What version of C# are you using, out of curiousity?  The above was made with 2005.. 

Bill

----------


## MacMagnus

Thanks Bill, 
as You said, clean and simple!

// Magnus;

----------


## tuffc

I just stumble upon this, it is great.
Now when i run it on my local machine it works great, but when I put it on my server i get a Expression cannot be evaluated, please use a valid C# expression" error on any expression. Any idea how to fix that? 

and yes i realize this was posted a year ago

----------


## MacMagnus

probaly access rights...

This settings works for me with default settings on IIS on my server....
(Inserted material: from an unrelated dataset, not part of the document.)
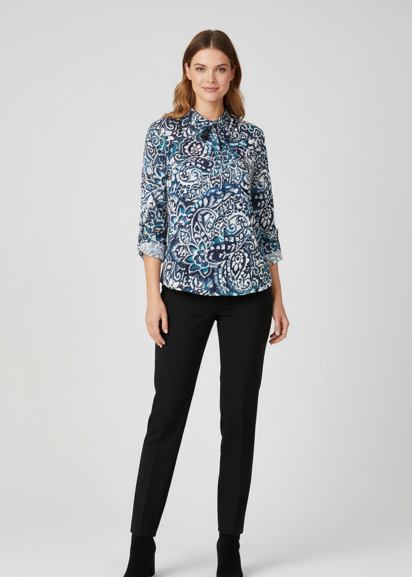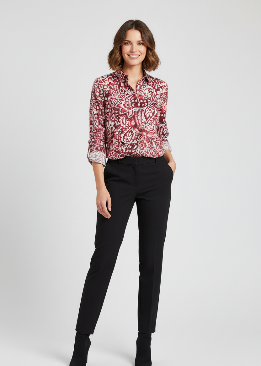 Esta camisa abotonada de manga larga es la combinación perfecta entre elegancia y estilo boho. Su estampado floral tipo cachemir le da un toque distintivo y atemporal, ideal para quienes buscan una prenda con personalidad sin renunciar a la versatilidad.

CSharpCodeProvider codeProvider = new CSharpCodeProvider();
CompilerParameters compilerParameters = new CompilerParameters();
compilerParameters.GenerateExecutable = false;
compilerParameters.GenerateInMemory = false;

string tmpModuleSource = "namespace ns{" + "using System;" + "class class1{" + "public static string Eval(double[] args){return \"Hello World\";}}} ";

CompilerResults compilerResults = codeProvider.CompileAssemblyFromSource(compilerParameters, tmpModuleSource);


// Magnus;

----------


## tuffc

Thanks for the response.

Everything in that code looks about the same except the false on generateinmemory. I tried that and no go, any other suggestions?

----------


## tuffc

I might want to add that I am using this as a web services using vs.net.

----------


## tmiles

I know the original post was submitted years ago, but wondering if there is a VB example at all.  I have tried to convert the code below to VB.NET 2008 but there is clearly something I am doing incorrectly and don't have the skills to fix.
Trevor

----------


## Ant2100

Hey Trevor,

I stumbled across this:
http://www.vbforums.com/showthread.php?t=397265

I think it may be what you need. It works perfectly in VB.NET 2008.

Anthony

----------